The 2009–10 New Jersey Devils season was the 36th season for the National Hockey League (NHL) franchise that was established on June 11, 1974, and 28th season since the franchise relocated from Colorado prior to the 1982–83 NHL season.

==Off-season==
On June 9, 2009, Brent Sutter resigned as head coach of the Devils to become the head coach of the Calgary Flames.

At the Entry Draft, the Devils traded with the Calgary Flames to move up in the draft and chose Jacob Josefson with the 20th overall pick.

On July 13, 2009, the Devils named Jacques Lemaire as their new head coach. This was Lemaire's 2nd stint with the club.
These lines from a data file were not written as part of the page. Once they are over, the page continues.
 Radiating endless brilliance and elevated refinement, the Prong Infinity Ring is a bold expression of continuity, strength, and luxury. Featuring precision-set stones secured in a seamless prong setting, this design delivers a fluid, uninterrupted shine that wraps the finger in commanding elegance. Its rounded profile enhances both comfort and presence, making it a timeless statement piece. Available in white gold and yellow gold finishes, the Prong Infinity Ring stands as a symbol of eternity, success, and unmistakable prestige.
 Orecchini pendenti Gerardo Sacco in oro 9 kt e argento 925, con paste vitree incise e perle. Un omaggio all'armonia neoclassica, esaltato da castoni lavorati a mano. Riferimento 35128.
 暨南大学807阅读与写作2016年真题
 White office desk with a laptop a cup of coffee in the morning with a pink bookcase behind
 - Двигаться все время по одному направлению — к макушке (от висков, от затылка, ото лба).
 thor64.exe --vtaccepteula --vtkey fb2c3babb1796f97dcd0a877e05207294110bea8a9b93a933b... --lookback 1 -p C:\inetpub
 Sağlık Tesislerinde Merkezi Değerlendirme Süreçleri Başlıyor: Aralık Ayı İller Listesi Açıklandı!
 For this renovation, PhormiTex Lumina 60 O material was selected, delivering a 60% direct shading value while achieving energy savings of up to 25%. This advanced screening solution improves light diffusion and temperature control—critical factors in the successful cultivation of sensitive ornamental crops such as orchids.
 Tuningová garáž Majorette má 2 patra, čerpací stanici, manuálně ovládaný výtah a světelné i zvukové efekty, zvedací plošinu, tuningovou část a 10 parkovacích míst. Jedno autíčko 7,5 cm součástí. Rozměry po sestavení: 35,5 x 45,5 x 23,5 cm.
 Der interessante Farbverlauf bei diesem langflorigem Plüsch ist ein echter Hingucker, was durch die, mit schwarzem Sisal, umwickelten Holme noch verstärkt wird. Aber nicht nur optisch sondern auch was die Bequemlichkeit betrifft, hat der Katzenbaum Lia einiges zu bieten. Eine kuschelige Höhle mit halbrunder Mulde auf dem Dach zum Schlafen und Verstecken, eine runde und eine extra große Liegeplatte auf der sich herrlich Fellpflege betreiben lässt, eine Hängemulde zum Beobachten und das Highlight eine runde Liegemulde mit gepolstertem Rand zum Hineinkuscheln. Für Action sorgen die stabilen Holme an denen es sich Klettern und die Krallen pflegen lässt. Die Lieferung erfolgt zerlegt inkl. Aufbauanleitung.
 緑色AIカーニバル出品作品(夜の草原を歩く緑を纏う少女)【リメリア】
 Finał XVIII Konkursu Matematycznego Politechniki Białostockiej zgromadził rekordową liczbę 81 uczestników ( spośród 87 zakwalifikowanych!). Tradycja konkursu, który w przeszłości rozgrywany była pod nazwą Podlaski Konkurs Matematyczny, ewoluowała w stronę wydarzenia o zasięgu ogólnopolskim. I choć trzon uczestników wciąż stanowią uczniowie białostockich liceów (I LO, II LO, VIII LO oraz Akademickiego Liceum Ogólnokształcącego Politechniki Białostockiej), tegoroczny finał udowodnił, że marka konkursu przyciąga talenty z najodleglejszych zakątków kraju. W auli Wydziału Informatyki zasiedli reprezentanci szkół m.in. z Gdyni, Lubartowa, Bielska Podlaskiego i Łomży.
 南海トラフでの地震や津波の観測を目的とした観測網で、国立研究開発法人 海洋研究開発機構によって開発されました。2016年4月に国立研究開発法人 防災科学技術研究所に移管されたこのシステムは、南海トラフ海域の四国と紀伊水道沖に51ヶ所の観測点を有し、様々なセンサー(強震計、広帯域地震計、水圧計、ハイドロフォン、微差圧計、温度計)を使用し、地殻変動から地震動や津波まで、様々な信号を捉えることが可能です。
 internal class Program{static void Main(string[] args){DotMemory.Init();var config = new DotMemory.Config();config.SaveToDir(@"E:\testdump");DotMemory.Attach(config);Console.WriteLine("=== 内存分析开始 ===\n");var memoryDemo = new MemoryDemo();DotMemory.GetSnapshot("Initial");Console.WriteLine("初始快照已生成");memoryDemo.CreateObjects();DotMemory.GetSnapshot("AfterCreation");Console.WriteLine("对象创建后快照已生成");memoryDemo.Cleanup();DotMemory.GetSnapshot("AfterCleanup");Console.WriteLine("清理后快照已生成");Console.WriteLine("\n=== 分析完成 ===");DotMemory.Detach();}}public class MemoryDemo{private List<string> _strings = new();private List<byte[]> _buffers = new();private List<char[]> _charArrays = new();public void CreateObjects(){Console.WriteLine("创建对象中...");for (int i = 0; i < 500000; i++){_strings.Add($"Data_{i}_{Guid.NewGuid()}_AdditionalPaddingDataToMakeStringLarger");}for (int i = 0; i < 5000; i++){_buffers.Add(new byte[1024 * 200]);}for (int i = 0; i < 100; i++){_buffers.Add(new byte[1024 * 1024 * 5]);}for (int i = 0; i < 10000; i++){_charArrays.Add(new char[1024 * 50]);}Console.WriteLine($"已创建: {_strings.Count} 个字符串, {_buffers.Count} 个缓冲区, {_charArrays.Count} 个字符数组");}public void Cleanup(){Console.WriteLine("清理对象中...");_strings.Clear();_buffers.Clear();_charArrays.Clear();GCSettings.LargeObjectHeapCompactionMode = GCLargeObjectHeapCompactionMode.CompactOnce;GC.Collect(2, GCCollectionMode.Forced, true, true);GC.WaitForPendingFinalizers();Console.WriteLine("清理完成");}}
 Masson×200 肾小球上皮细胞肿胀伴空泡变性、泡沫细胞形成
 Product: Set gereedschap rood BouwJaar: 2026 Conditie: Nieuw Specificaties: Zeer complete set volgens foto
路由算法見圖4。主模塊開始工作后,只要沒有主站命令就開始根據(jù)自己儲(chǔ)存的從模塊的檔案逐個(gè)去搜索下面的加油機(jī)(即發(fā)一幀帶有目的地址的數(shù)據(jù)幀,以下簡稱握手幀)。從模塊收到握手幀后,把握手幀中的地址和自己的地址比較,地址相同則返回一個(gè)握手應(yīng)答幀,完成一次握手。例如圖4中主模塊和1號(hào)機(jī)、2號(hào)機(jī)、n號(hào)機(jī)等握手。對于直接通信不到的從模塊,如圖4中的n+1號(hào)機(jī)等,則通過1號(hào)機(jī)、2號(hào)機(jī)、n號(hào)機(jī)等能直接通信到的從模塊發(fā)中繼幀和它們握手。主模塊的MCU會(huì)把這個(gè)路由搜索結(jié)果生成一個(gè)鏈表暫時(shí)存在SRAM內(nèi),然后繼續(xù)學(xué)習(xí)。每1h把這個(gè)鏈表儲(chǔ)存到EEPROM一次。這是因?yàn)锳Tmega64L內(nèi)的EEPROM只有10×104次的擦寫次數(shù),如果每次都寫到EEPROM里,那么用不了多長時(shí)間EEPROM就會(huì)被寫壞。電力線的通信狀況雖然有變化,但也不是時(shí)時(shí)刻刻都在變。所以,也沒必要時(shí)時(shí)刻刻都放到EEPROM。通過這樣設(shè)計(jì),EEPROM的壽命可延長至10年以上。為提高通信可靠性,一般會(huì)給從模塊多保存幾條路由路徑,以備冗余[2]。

He won the Stanley Cup as head coach of the Devils back in 1995.

==Preseason==

| Game | Date | Opponent | Score | Location/attendance | Record |
|---|---|---|---|---|---|
| 1 | September 16 | New York Rangers | 3–2 (SO) | Prudential Center – 10,481 | 1–0–0 |
| 2 | September 23 | New York Islanders | 4–2 | Nassau Veterans Memorial Coliseum – 8,256 | 2–0–0 |
| 3 | September 24 | Philadelphia Flyers | 1–2 (OT) | Wachovia Center – 17,650 | 2–0–1 |
| 4 | September 26 | Philadelphia Flyers | 1–0 | Prudential Center – 11,167 | 3–0–1 |
| 5 | September 29 | New York Islanders | 4–2 | Prudential Center – 10,311 | 4–0–1 |

==Regular season==
The Devils allowed only 186 goals (excluding five shootout goals) during the regular season, the fewest of all 30 teams. They were also the most disciplined team in the NHL, with just 240 power-play opportunities against.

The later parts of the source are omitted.